INFORMATION SHOWN

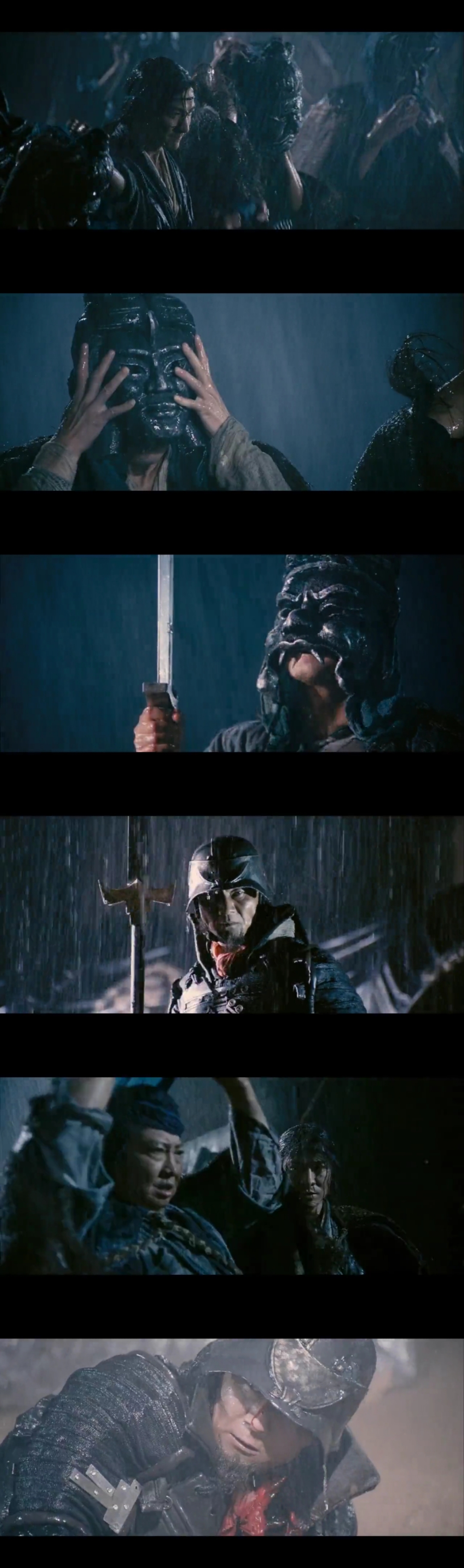 是夜,大雨如期而至,在夜色的掩趁下,常山组纵马冲进了曹营,他们戴上了铁制的面具,手起刀落间带起一片片红色的雨。
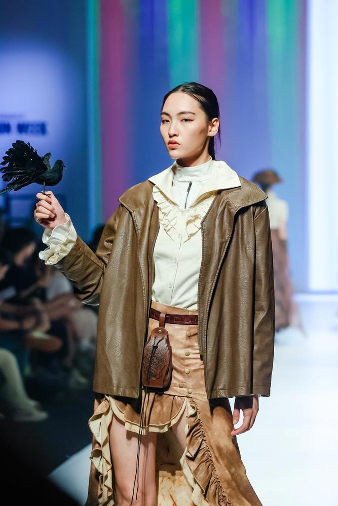 广工表演专业大四学生田函诺在本次展演中担任学生总导演,通过这项工作,她对秀场编排与内涵进行了更深入的探索,也从舞台编导到秀场氛围进行了大胆的尝试,以青春大学生的视角,创新定义和诠释时装周的新样貌,让时尚与艺术不再只高高在上,而是贴近生活,来源于生活。“这不仅是对自己四年来学习表演专业和辅修工商管理专业知识的融汇运用,用丰富的理论知识和实际经验,顺利地解决遇到的各个方面的问题;也让我能有机会展示专长,为接下来自己继续攻读广工设计学设计管理方向研究生做一次承前启后的实验和探索。”
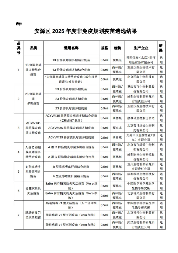 【萍乡】安源区2025年度非免疫规划疫苗遴选结果公示
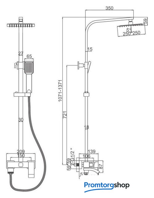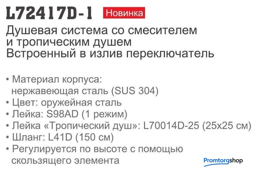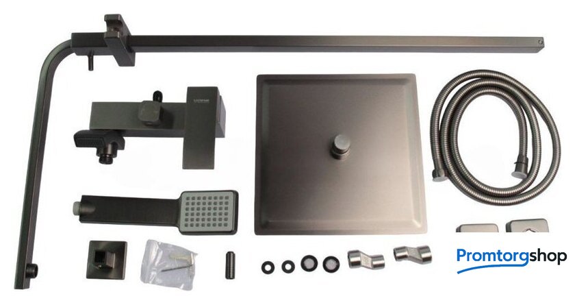 | Комплектация | верхний душ, штанга, ручной душ (лейка), держатель лейки, шланг, смеситель, излив для ванны |

WORK INSTRUCTIONS
Starting from the line that has "广工表演专业大四学生田函诺在" and ending at the last line of the material above, every line should be output exactly; pictures are dropped and nothing else appears.

PROBLEM SOLUTION
 广工表演专业大四学生田函诺在本次展演中担任学生总导演,通过这项工作,她对秀场编排与内涵进行了更深入的探索,也从舞台编导到秀场氛围进行了大胆的尝试,以青春大学生的视角,创新定义和诠释时装周的新样貌,让时尚与艺术不再只高高在上,而是贴近生活,来源于生活。“这不仅是对自己四年来学习表演专业和辅修工商管理专业知识的融汇运用,用丰富的理论知识和实际经验,顺利地解决遇到的各个方面的问题;也让我能有机会展示专长,为接下来自己继续攻读广工设计学设计管理方向研究生做一次承前启后的实验和探索。”
 【萍乡】安源区2025年度非免疫规划疫苗遴选结果公示
 | Комплектация | верхний душ, штанга, ручной душ (лейка), держатель лейки, шланг, смеситель, излив для ванны |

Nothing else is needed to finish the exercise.